Cllr White opposes scrapping the EMA and higher Tuition Fees – I have sympathy with his views on both.  But why, then, join the party which, in 2007, took the decision to scrap the EMA and in 2009, in agreement with the Conservatives, launched the Browne Report with the intention of having students pay more for their education?

Labour left the country with a huge debt – and left all of us paying £120 million a day in interest to overseas bankers.  In Government, Labour planned big spending cuts to deal with the problem.  Now in opposition, Labour seem to have no ideas beyond attacking everything the Coalition does and hoping we all forget that they were planning to do much the same.

Cllr Iain Roberts

   5 Comments

5 Responses

  1. Alan Gent says:

    Actually Labour did not leave the country with a huge debt, it was the banking industry and at the time, any government would have chosen to bail them out because of their structure. However, the Coalition, mainly driven by Tory ideology, is refusing the very simple solution of introducing a bank levy, which would not harm the banks at all and would go a long way to clearing the debt.

  2. Iain Roberts says:

    I don’t claim Labour was wholly responsible for the debt, but there’s no doubt they left the country with the debt.

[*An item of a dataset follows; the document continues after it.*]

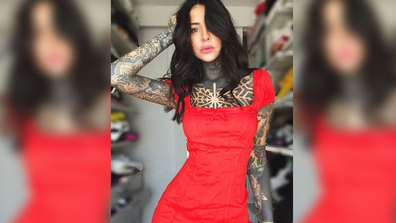 "Bienvenidx a mi caos", escribió en una selfie con un body rojo con encaje, súper sensual.
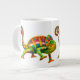 Original fine artwork of a psychedelic Panther Chameleon lizard by animal artist Carolyn McFann of Two Purring Cats Studio on a ceramic jumbo mug for all who love chameleons and other reptiles.

    Labour, of course, ran up a budget deficit every year from 2002 to 2008, building up the national debt before the banking crisis. That was in the good years when Gordon believed he had conquered boom and bust.

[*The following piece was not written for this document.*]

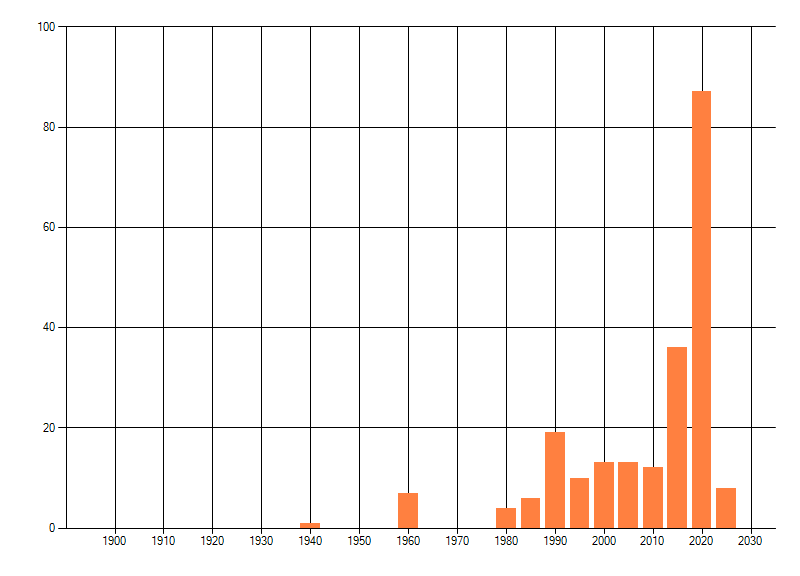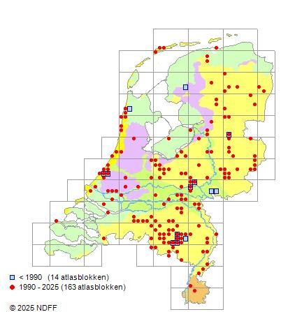 Het aantal atlasblokken (5x5 km) waarin de soort is gemeld binnen een periode van vijf jaar (vanaf 1980) of twintig jaar. Niet gecorrigeerd voor waarnemersinspanning en het aantal doorgegeven waarnemingen kan sterk variëren per periode, dus een trend in verspreiding kan hier niet direct uit worden afgelezen. Het opgegeven jaartal is het eerste jaar van de periode. Bron: gevalideerde waarnemingen uit de NDFF.

    Labour also favoured soft-touch regulation: you’ll remember they actively worked to encourage the bankers to come to London on the basis that there would be less regulation to hold them back from making money.

    I don’t quite understand your point about a banking levy: we have one and it’s raising over £2 billion a year from the banks. That was introduced by the Coalition. More money is being raised from the banks now than under Labour – though it could well be that even more can be raised still.

  3. Alan Gent says:

    Iain, by everyone’s agreement, the banking levy represents no more than small change to the bank. Thats why another level is being asked for in the budget. If Osborne does not agree to this then the charge of soft touch legislation can also be attached to the Tories. Let’s not forget also that most of the Tory party donations came from the City in the run up to the election. A clear case of buying favours from the government.

  4. David White says:

    Iain, Not being a regaular visitor to your web page I have just seen your article about my leaving the Liberal Democrats and joining the Labour Party.
    I oppose the cuts the coalition is making in public services and the break up and privatisation of education and of our National Health Service.
    You make apoint about cuts in public services and state that Labour would have cut more! Well how can this be when the fact is that Labour would have cut the deficit over 8 years instead the Liberal Democrats have chosen to do it over 4 years.
    Growth is key the deficit reduction and with 0/0.5%/0.5% being the growth figures since the coalition cam in I can only assume nobody challenges the fact that the recovery and growth are being put at risk.
    As for the last point about the spending by the Labour Government. I cannot remember a single Lib Dem Councillor calling for lower spending in fact quite the opposite. More on Police, Education, Scrap Tuition Fees remember that?

    Cuts of £20 Million in Stockport meaning that School Crossing Patrols will have to go, Park Gates are not locked and projects are cancelled. The 2012/13 budget is looming and there is a real prospect of large service reductions and people really noticing the loss.

    Now we hear that Hazel Grove Police Station and Reddish Police Station are under threat.

    Some will have to answer the the savage way in which the deficit is being reduced.

    We need to invest in major capital schemes and stimulate the economy. We need to be truthful about pensions and allow a real debate on the public pensions which shows how much they really cost. The saving in benefits in later life should be factored in.

    Some of the poorest in our society are being hit and Mark Hunter and Andrew Stunnel are in the vangard of the attack.

    Yes I oppose Tuition Fees and scrapping EMA, I oppose privatisation, PFI schemes and many other new Labour ideas but New Labour is gone in the same way the Liberal Democrats of Charles Kennedy are gone and histroy now we have Cleggphobia and the Tory Dems.

    David White

  5. Iain Roberts says:

    Hi Dave,

    I’m a little surprised by your suggestion that Labour wouldn’t have cut as much. On overall spending, Labour would have cut £7 for each £8 the Coalition plans to cut – that’s not disputed as far as I know.

    But when you look at the detail, Labour planned to cut more from departmental spending (essentially, everything except pensions and welfare) than the Coalition is.

    You know this, of course, because you know that the Labour Government was telling us all back in October 2009 the sorts of cuts we were facing in local government and it was very similar to the cuts we’re now facing.